Wuthering Heights by Emily Bronte
There seems to be a consensus that Wuthering Heights is a book that must be read. So say high schools across this nation, the New Lifetime Reading Plan, and the authors who voted for the 100 Most Meaningful Books. As this book makes clear, however, just because something must be read does not mean it must be enjoyed.
The surface problem with Wuthering Heights is that the characters are just so horrifically unlikeable. There is simply no one to identify with: Mr. Earnshaw is a doddering fool who overtly favors his adopted child, Heathcliff, to the detriment of his biological children: Catherine, who grows up wild and self-centered, and Hindley, who grows up spiteful and bitter. It does Heathcliff no favors, either, giving him a taste of the glories of monied life before Earnshaw's death and Hindley's return doom him to the subservience his low birth would seem to dictate. The Linton children are weak, vain, and walk blindly into the wicked webs that issue forth from the Heights. Even the primary narrator, the servant Ellen Dean, is unable to fully scrub her own defects from the story, in which she is complicit in the interweaving tragedies that sweep the two families. It is only with the next generation, in the closing chapters of the book, that pity or hope seems at all appropriate.
Heathcliff, the driving force of the novel, defies the expectation that there must be some hidden romantic soul that will eventually break through his troubled veneer and make him the hero of the tale. Instead, his evil simply grows and grows, testing the outer limits of the reader's sympathy with each fresh atrocity.
Though this makes Heathcliff quite detestable by the book's end, it could work. There is, after all, no requirement that characters be likable. The length and depth of his Achilles-like rage is impressively portrayed. So if Heathcliff's thirst for vengeance were justifiable, or even just believable, the novel would really work.
But that's the problem that lurks beneath the surface. The entire plot basically hinges on one point: that Heathcliff and Catherine were truly in love. That is the only way Catherine's marriage to Edgar Linton is such a betrayal, the only way Heathcliff's multi-generational devotion to revenge bears any sense of justice. But it just does not seem true. There is nothing about the way Heathcliff and Catherine interact that strikes me as love. Mutated obsession, yes. But not love. The childhood scenes take place too fast, the shifts in the balance of power too sudden, to get any sense of why the Earnshaw household is the way it is, or how love could blossom under that roof.

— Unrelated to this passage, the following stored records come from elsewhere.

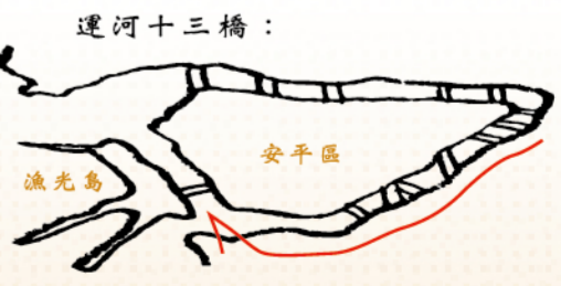
運河十三橋： 安平區 漁光島 (背面圖示依順時針方向)

上岸好遊趣 安平舊聚落，是台灣最早的漢人聚落之一，至今街廓與古韻猶存，在歡悅熱絡的觀光氣息之中，也適合靜心緩步走一趟穿越之旅。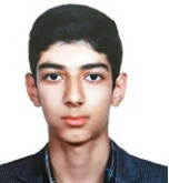
پژوهشگر اندیشکده حقوق بشر و شهروندی دانشگاه امام صادق علیه‌السلام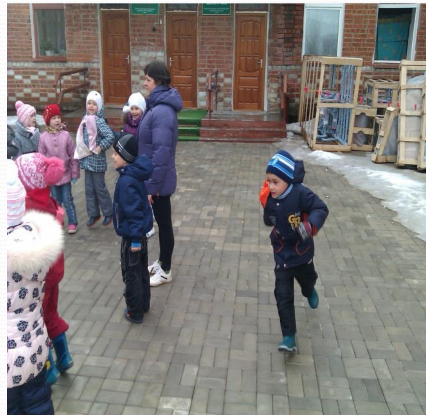
Прогулка (подвижная игра)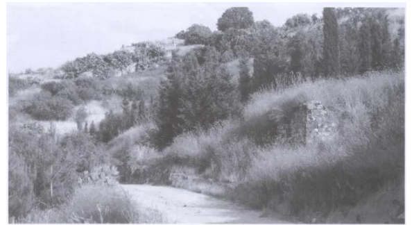
موقع القرية المتفرد كما يبدو للناظر إليه من جهة الشمال الغربي. وقد غلبت عليه أشجار السرو والزيتون ونبات الصبار التي تنتشر بينها بقايا حيطان المنازل (أيار/ مايو ١٩٨٧) (يعقوب)

And without real, genuine love, this is essentially a book about a bunch of psychological defectives torturing each other and their children. The book does have its strengths. As I said, the endurance of Heathcliff's villainy is breathtaking. The claustrophobic setting of the novel and the incestuous relationships of its inhabitants play off each other quite effectively (it's easy to forget there is even a world beyond the moors, let alone other people). These strengths, however, can not mask the basic defects of the plot.